The US needs no-holds-barred debate on the Middle East
In regard to the May 1 Opinion piece, "Arab forum tackles a Washington taboo": I was unaware of the Doha Debates, but very glad to hear they exist. And I'm somewhat dismayed to hear that there were concerns about conducting them in the US, when they have been conducted peacefully in the Middle East for the last six years.
We have for entirely too long been held hostage to an "Israel can do no wrong" political mind-set. It's long past time to examine the issues in the Middle East, free of concerns that doing so somehow makes us anti-Semitic. There is plenty of blame to go around, but so long as the US government takes a one-sided viewpoint, it's ludicrous for us to blather on about being an honest broker.

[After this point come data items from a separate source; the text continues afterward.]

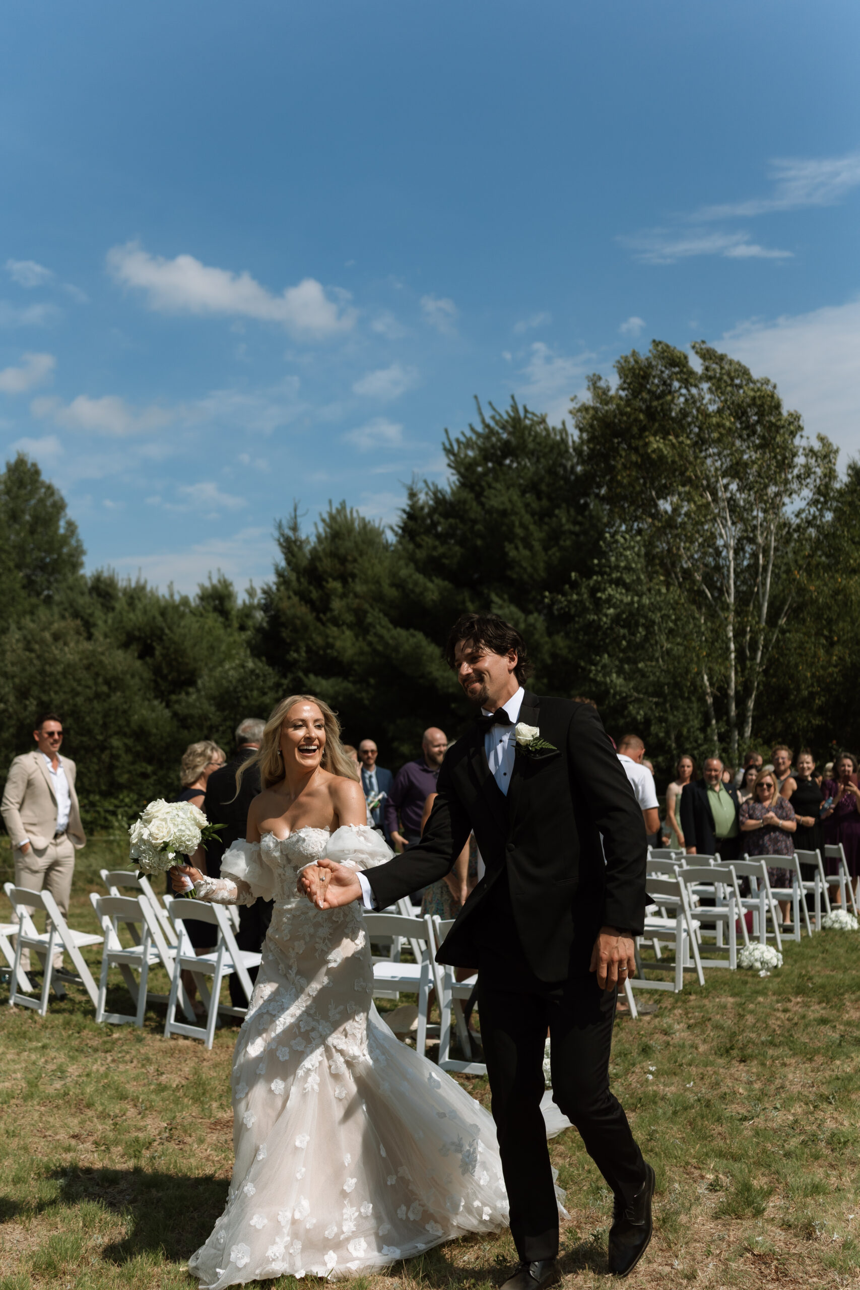Kat and Matt celebrated their wedding in Haliburton where Kat wore a stunning dress from Truvelle.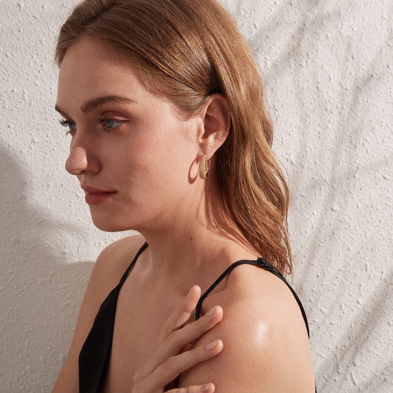 - 925 sterling silver hoop earrings, stamped 925 on hoop earrings. High quality 5A + cubic zirconia. Shiny and looks like real luxurious diamonds.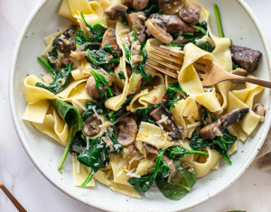 Mushroom Spinach Pasta with Shallots | Family Style Food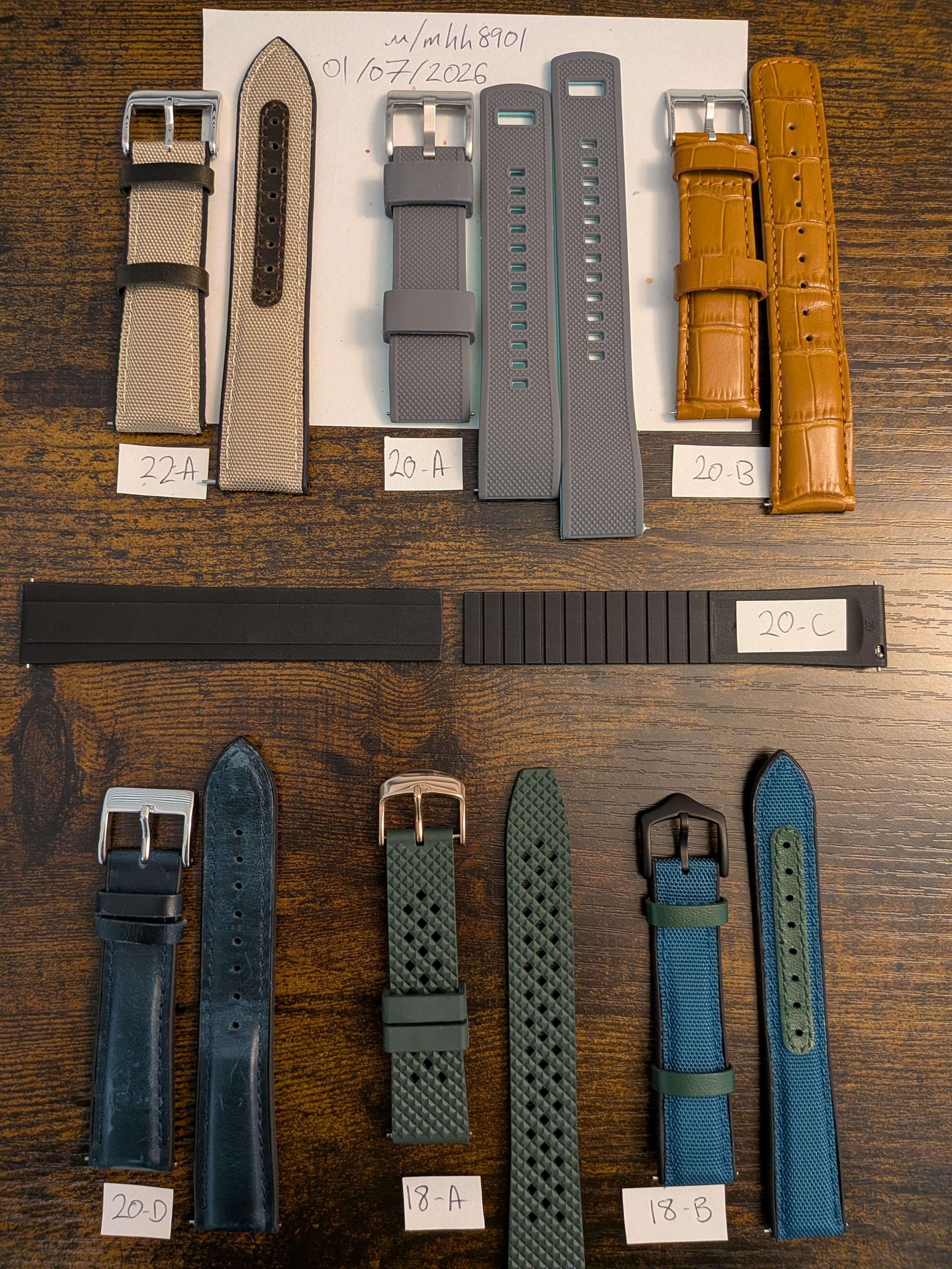For Sale: **22mm, 20mm, 18mm Straps $10 ea. $5 Shipping** 22mm A: SOLD 20mm A: SOLD 20mm B: SOLD 20mm C: SOLD 20mm D: SOLD 18mm A: Green Silicone 18mm B: SOLD **$10 ea.** **$5 Shipping (CONUS)**. Ships from Texas. International Shipping on your label. Accept Zelle, Venmo, PayPal (Buyer pays fees).

I watched the debate that was refereed by Tim Sebastian. Such "town hall" debates are badly needed in all countries; they would be platforms where issues could be raised and would fill the discussion voids we quite often see on social, economic, or political matters.
Taxpayers should not support private companies
Regarding the May 5 Opinion piece, "Forget tea parties. Bring a pitchfork to a shareholder meeting": How can you hold a company accountable when the only reason they survive is because the taxpayer is forced to prop them up?
Metaphorically speaking, we are being forced to hand over our lunch to companies that can't produce anything edible. Better TARP oversight will just ration the food that's left. In the end, as history has shown, we will all starve under this system. Bringing a pitchfork to a shareholder meeting is already standard practice. I suggest using the pitchfork to defend freedom.